### Task requirements
I would like the lines below, from the one with "The Emissary of" through the one with "René moet lachen", copied exactly and without any pictures.

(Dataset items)
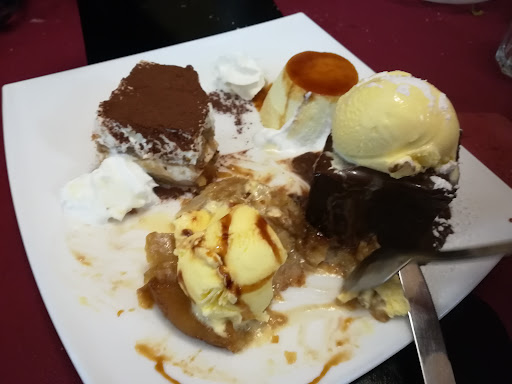 Ensalada Cambembert (aliño muy bueno y con varios tipos de fruta). Croquetas variadas (muy buenas). Saquitos de Calabacín (una especie de tosta con calabacín enrollado con jamón y queso. Para mi gusto, tenían poco sabor aún llevando por encima una capa de queso de cabra). Taco de atún envuelto en sésamo (personalmente, no me gustó. El atún estaba demasiado hecho) Postres; coulant (muy bueno) y tiramisú (bien). Bebidas: 2 cervezas y 2 aguas.
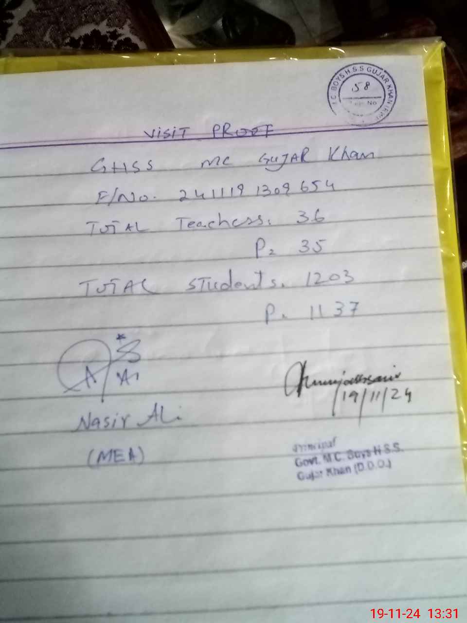 | EMIS Code: 37360004 | Name of School: GHSS MC GUJAR KHAN | |||
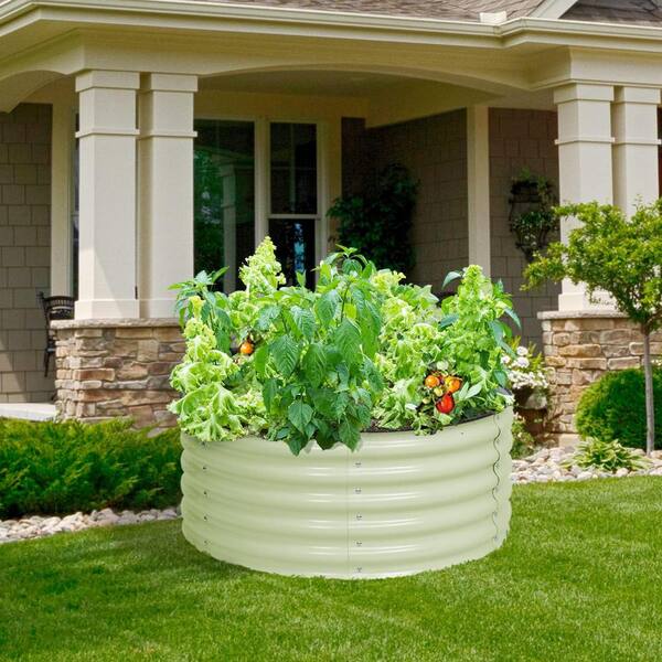 42 in. W x 17 in. H Green Round Galvanized Metal Raised Garden Bed Ground Modular Planter Box
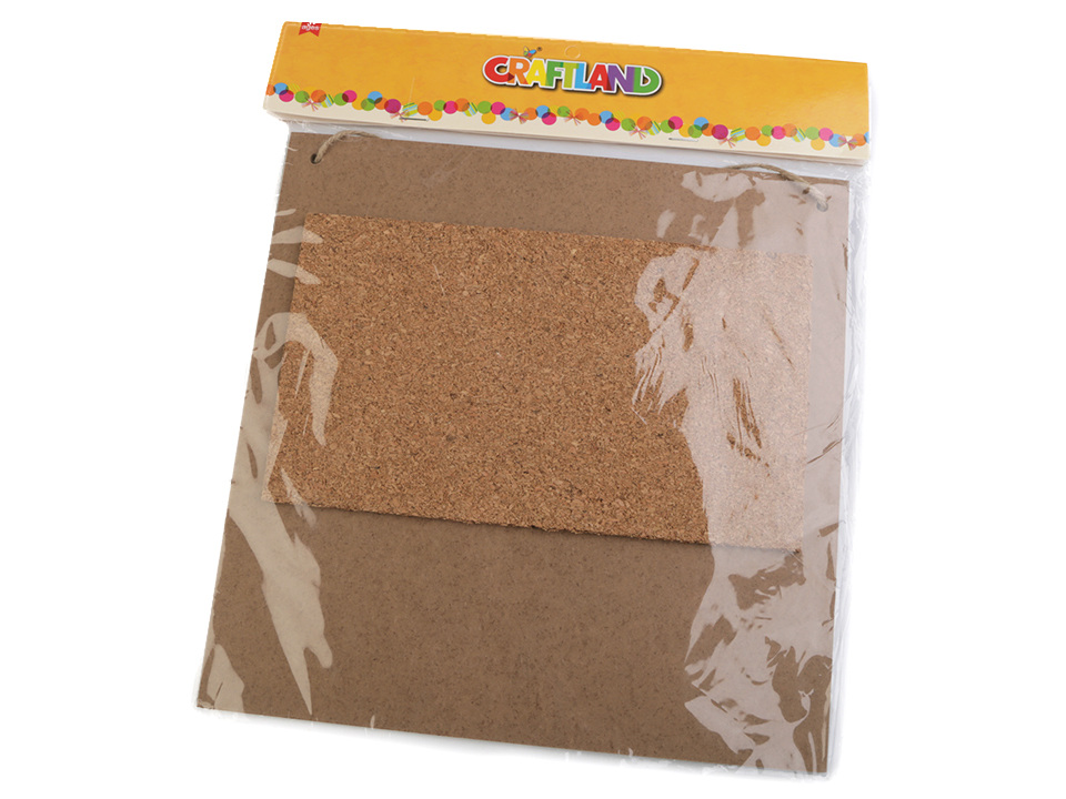Korková část měří 12 x 21 cm, má tloušťku 4,5 mm. Spodní část je vyrobená z dřevěné překližky. Můžete ji dozdobit technikou scrapbooking či decoupage. Dá se domalovat např. akrylovými či temperovými barvami, popisovači, glitrovými lepidly, aj. Vytvoříte tak osobitý dárek, který každého potěší.
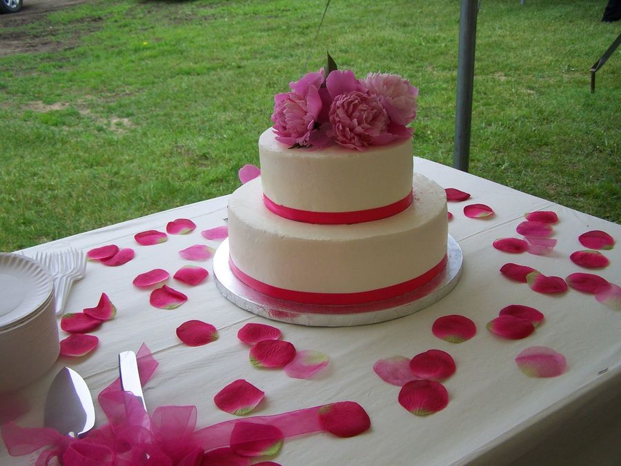 Surprised her wedding guests with a flavor combination: Banana cake with Raspberry filling and iced with vanilla buttercream, Flowers were grown by the bride, and the ribbon matched her bouquets.
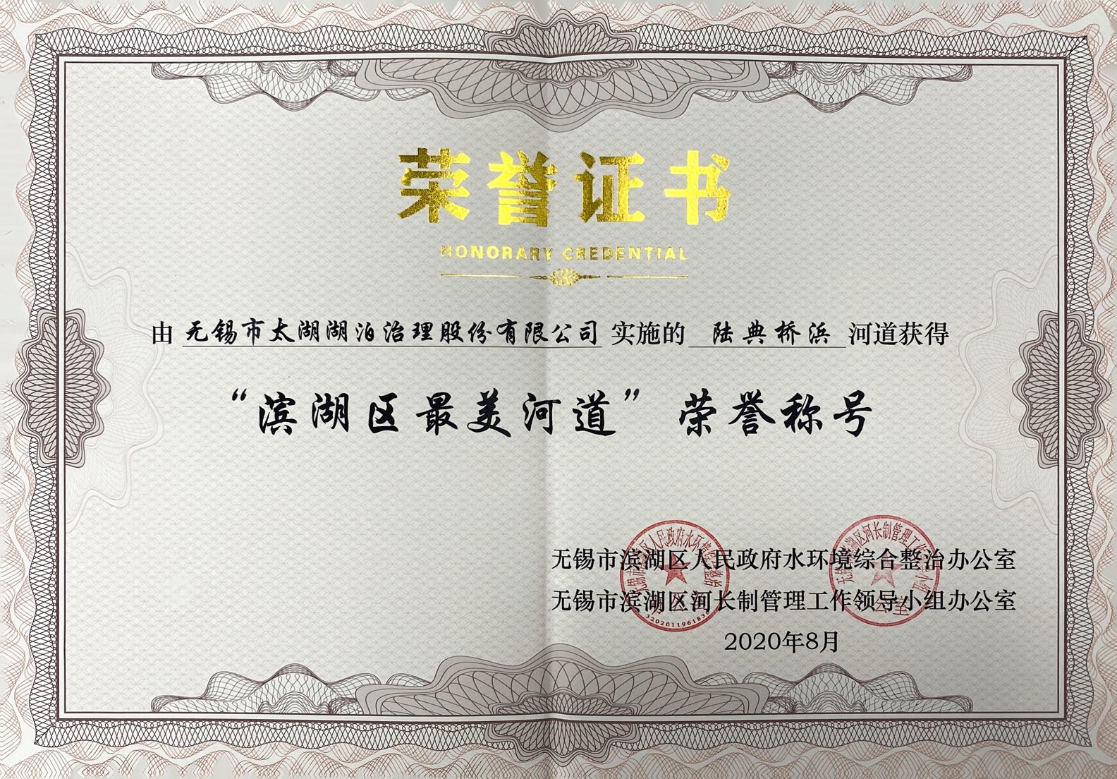 陆典桥浜河道获得“滨湖区最美河道”荣誉称号
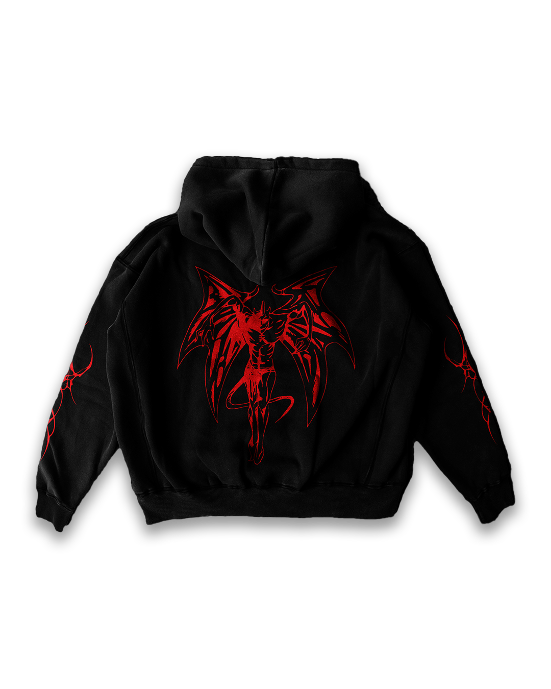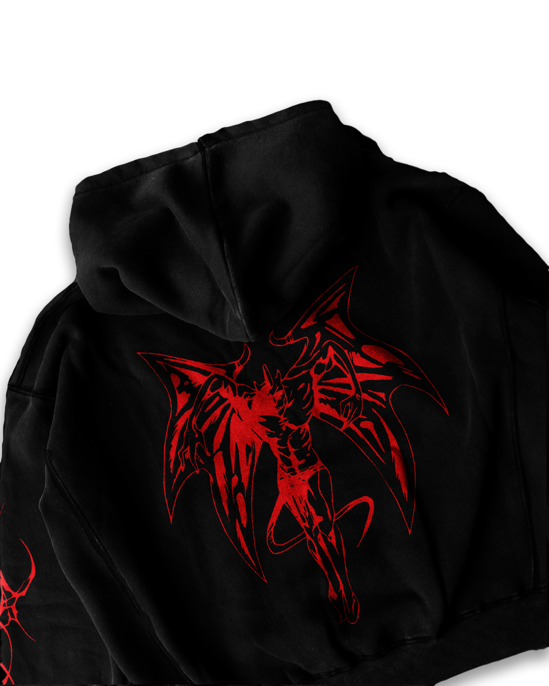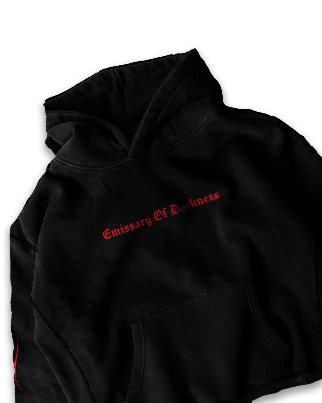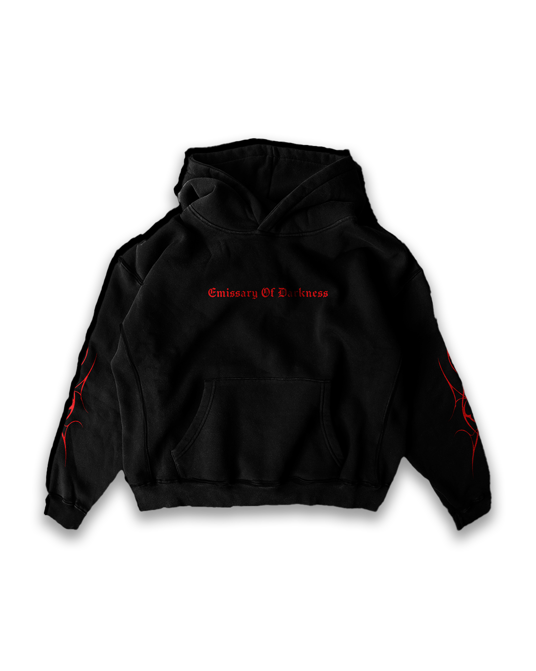 The Emissary of Darkness Oversized Hoodie – a 350 GSM heavyweight crafted from premium cotton fleece in pure black. Designed for warmth and a bold, oversized fit, this hoodie lets you embrace the shadows with undeniable edge,
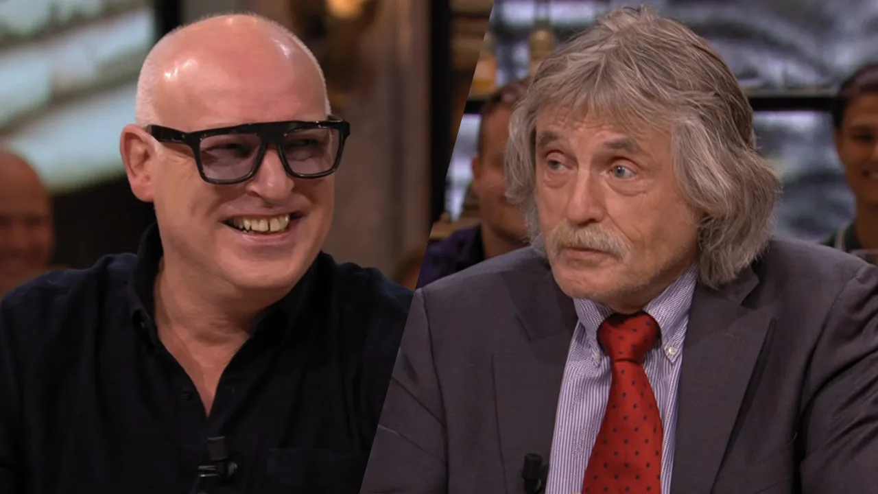 René moet lachen om Johan, die zich nog steeds opwindt over de discussie met Angela de Jong van dinsdagavond.
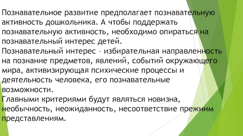 Слайд 5Познавательное развитие предполагает познавательную активность дошкольника. А чтобы поддержать познавательную активность,
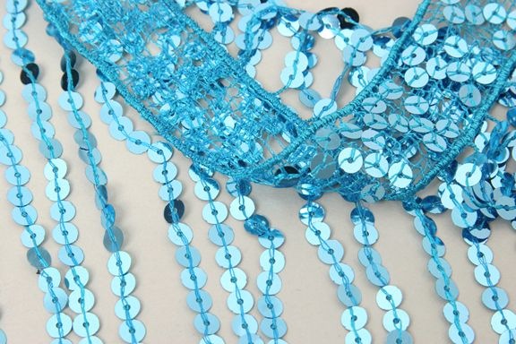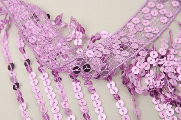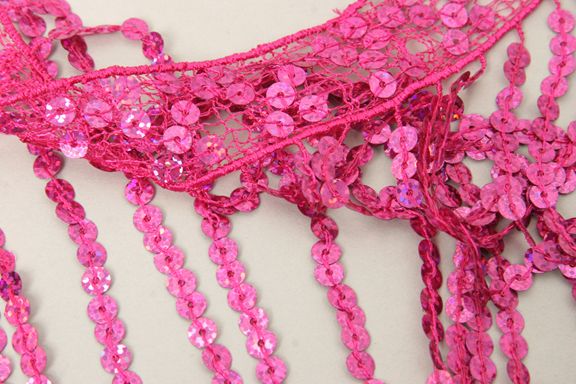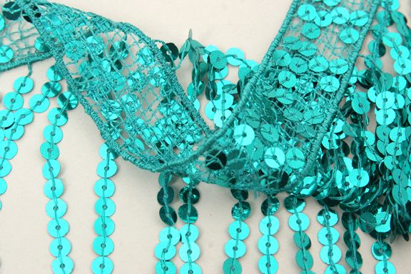 スパンコールを糸で留めてフリンジ状にした商品です。動くたびに揺れ、躍動感が出ます。 ※在庫限りで終了となります。 |

### Answer below
 The Emissary of Darkness Oversized Hoodie – a 350 GSM heavyweight crafted from premium cotton fleece in pure black. Designed for warmth and a bold, oversized fit, this hoodie lets you embrace the shadows with undeniable edge,
 René moet lachen om Johan, die zich nog steeds opwindt over de discussie met Angela de Jong van dinsdagavond.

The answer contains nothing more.